In attesa delle decisioni della Marina, Lamboglia decise di interrompere i lavori e di mandareil “Daino” a Gaeta, ove la batimetria non superava gli 8-10 m.

In un intervista rilasciata dopo questo fatto il Lamboglia dichiarava: “Per il 1963, ad ogni modo, sta facendosi largamente strada in me la prima idea, da cui ho deviato l’anno scorso; che occorra andar per gradi e che prima di affrontare con le sorbone lo scavo di un relitto così smisurato a 40 metri di profondità, come quello di

Albenga, occorra affermare e provare i metodi di lavoro, e propriamente di scavo, su di un giacimento minore e soprattutto a minor profondità. Abbiamo fatto bene a rilevare e proteggere la nave romana di Albenga, ma forse è meglio lasciarla ancora in letargo 5 o 10 anni e attendere che si possa “tirarla su” con mezzi adeguati”.

La campagna del 1962 durò soltanto 17 giorni dopo i quali il Lamboglia scriveva: “II “Daino” non è ad Albenga per far della propaganda a tizio e caio ma per tentare un esperimento. Il primo che si fa in Italia con mezzi adeguati e con un programma, a lunga scadenza, di scavo a grande profondità (e purtroppo anche l’ultimo). Per tanto tutti i risultati, sia positivi sia negativi, che si traggono da questa campagna

(10)

rimangono acquisiti in maniera definitiva al progresso scientifico dell'archeologia sottomarina”.

Nei cinque anni in cui il “Daino” fu impiegato vennero effettuati 25 cantieri, tra i quali sono stati particolarmente importanti quelli di Punta Epitaffio a Baia, dove venne impostata la topografia di base per i successivi cantieri; quello del relitto di Albenga, ove fu effettuato il rilevamento totale della nave; quello di Punta Scaletta a Giannutri, che consentì di rilevare e recuperare i resti del carico di un relitto formatosi su un fondale in pendio; quello del relitto di Spargi, col rilievo del secondo strato di anfore, nonché altri interventi minori, ma pur sempre con una loro importanza, che non staremo ad elencare in questa sede essendo già stati oggetto di diverse pubblicazioni e relazioni preliminari.

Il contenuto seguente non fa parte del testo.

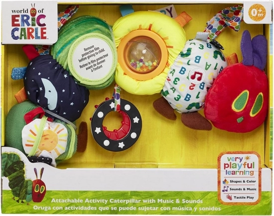 Jedes Segment der Raupe bietet einen anderen Reiz – Rascheln, Rasseln, Spiegel und verschiedene Texturen zur Förderung des Tastsinns, der Sehkraft und des Hörens.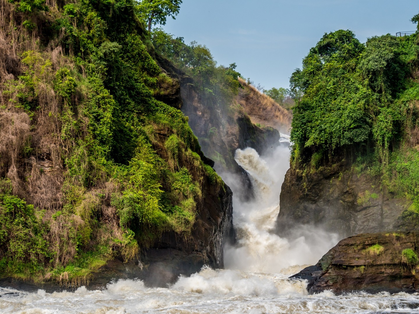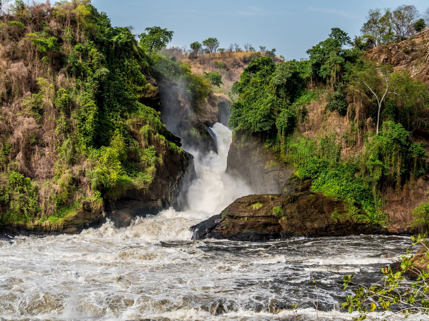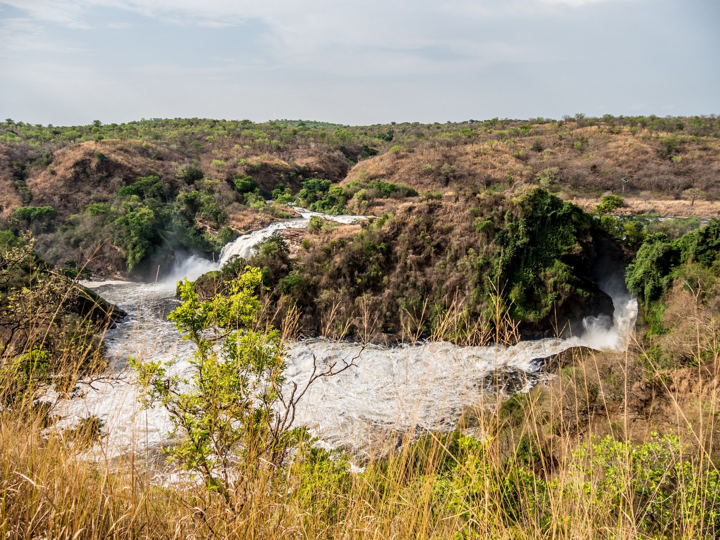 Parlant de danger, c’est plutôt aux serpents qu’il faut faire attention lors de la randonnée mais en faisant du bruit (les serpents sentent les vibrations du sol), cela suffit à les éloigner. La fin de la navigation nous a permis de voir enfin la cascade. C’est le Nil qui se jette dans une crevasse causée par un rift dans un tonnerre d’eau bouillonnante. Si la hauteur de la cascade n’est pas très importante, c’est le débit de l’eau qui coupe le souffle ! Et au fur et à mesure de l’ascension, nous allons découvrir qu’il y en a une cascade jumelle, qu’on ne peut voir qu’une fois que l’on surplombe la première. Une fois au bout de la randonnée, on peut s’approcher assez près de la cataractes et se rafraîchir un peu avec les gerbes d’eau. Un petit plaisir bienvenu après une bonne balade en partie sous le soleil !

In vista della imminente scadenza della Convenzione nel 1963, il Lamboglia scrisse in via riservata a Carlo Russo, allora Ministro delle Poste e delle Comunicazioni, comunicandogli che si poteva intravedere la possibilità di proporre una internazionalizzazione del “Daino”, che avrebbe potuto essere impiegato quattro mesi in Italia e quattro in Francia. “Non ti sfuggirà certamente che arrivare ad un simile traguardo sarebbe un risultato internazionale di grandissima portata, non soltanto sul piano archeologico e scientifico, ma tale da riflettersi su tutta la posizione dell'Istituto Internazionale di Studi Liguri nel mondo Mediterraneo”, e lo prega, i voler intercedere presso il Ministro degli Esteri Couve de Mourville. Alla risposta dell’On. Russo circa le “difficoltà difficilmente sormontabili” che tale risposta poteva comportare, il Lamboglia ribadiva che si erano già presi accordi con Benoit e con il prof. Hubert Gallet de Santerre affinchè suddetta proposta fosse prospettata a Parigi e aggiungeva inoltre che: “... se Parigi dovesse dire di no dovrebbe in alternativa concedere loro qualche cosa sul piano nazionale. Se invece dovesse dire di sì, e trattare, potrebbe essere la via per tentare il superamento degli ostacoli formali che apparentemente si oppongono”.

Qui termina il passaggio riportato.